The answer consists solely of the lines running from the one with "到了后期流程差不多就是教完学" through the final line below, transcribed exactly and without any pictures.

Recorded information:
§ §

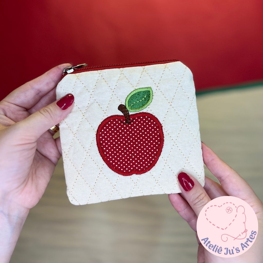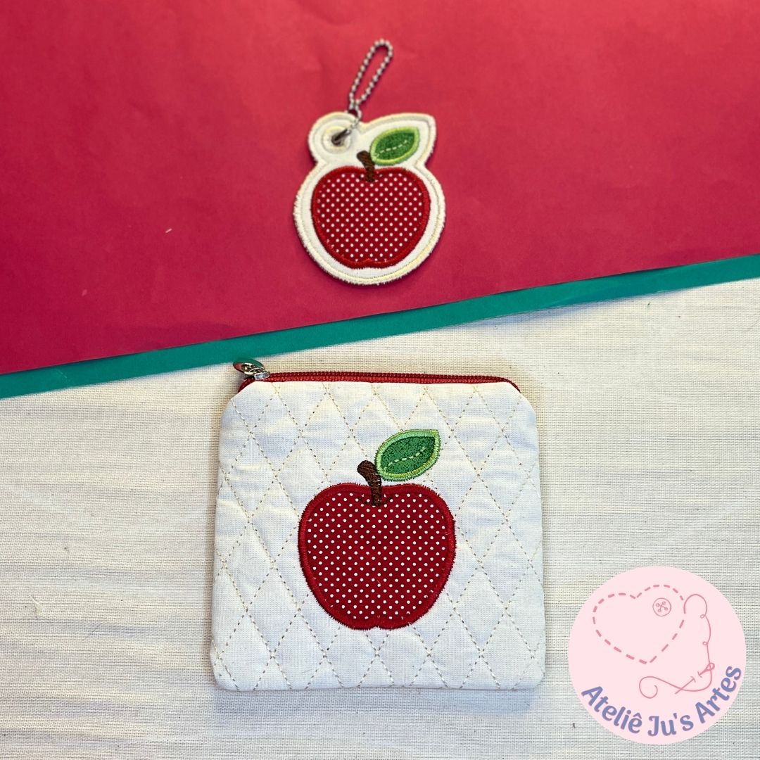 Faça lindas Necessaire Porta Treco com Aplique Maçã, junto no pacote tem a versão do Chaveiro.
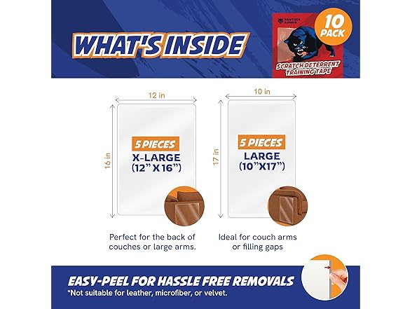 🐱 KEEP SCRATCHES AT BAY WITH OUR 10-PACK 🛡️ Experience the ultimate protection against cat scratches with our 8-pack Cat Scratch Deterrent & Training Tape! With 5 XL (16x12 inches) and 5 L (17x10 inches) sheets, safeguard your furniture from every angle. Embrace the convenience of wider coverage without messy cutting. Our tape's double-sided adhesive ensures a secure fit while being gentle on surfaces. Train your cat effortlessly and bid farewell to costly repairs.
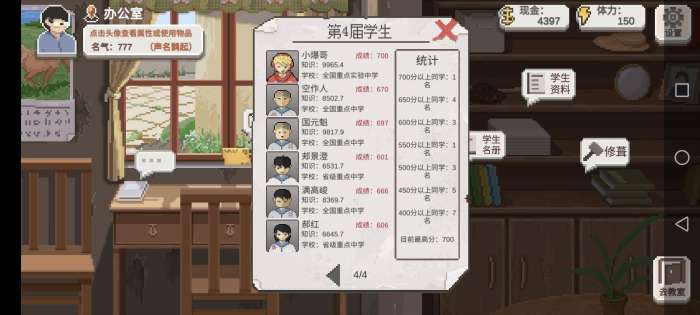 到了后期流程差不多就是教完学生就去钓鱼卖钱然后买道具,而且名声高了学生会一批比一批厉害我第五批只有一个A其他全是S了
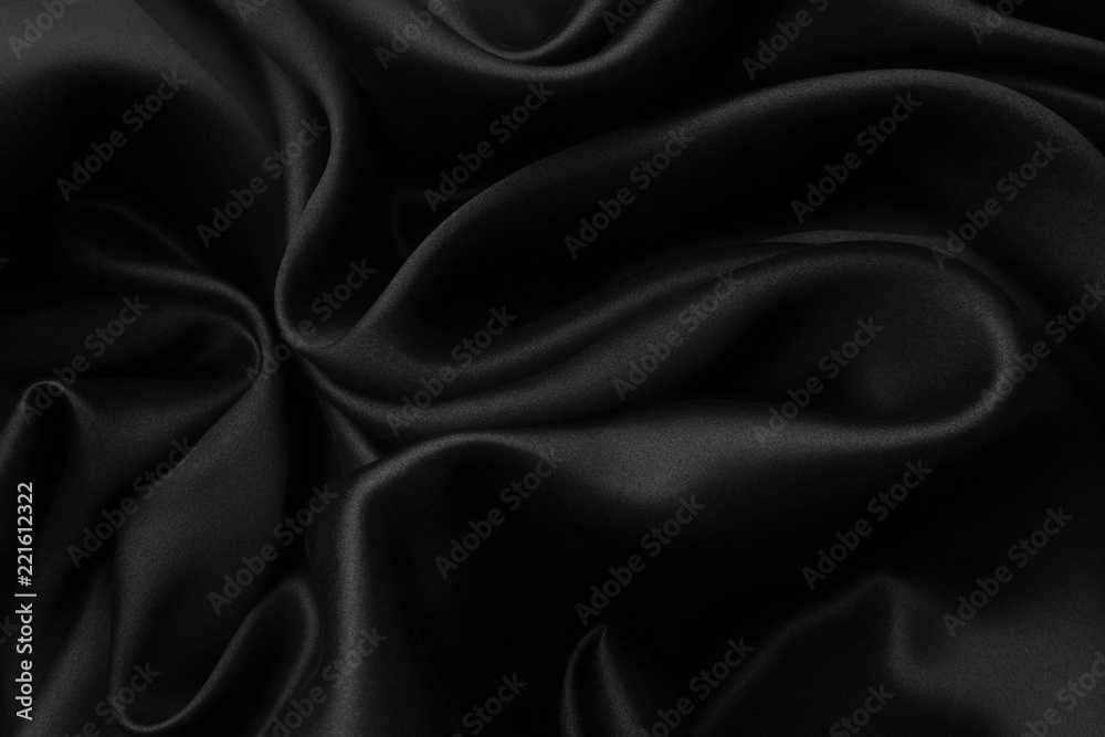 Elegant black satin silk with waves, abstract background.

§ §

Response below:
 到了后期流程差不多就是教完学生就去钓鱼卖钱然后买道具,而且名声高了学生会一批比一批厉害我第五批只有一个A其他全是S了
 Elegant black satin silk with waves, abstract background.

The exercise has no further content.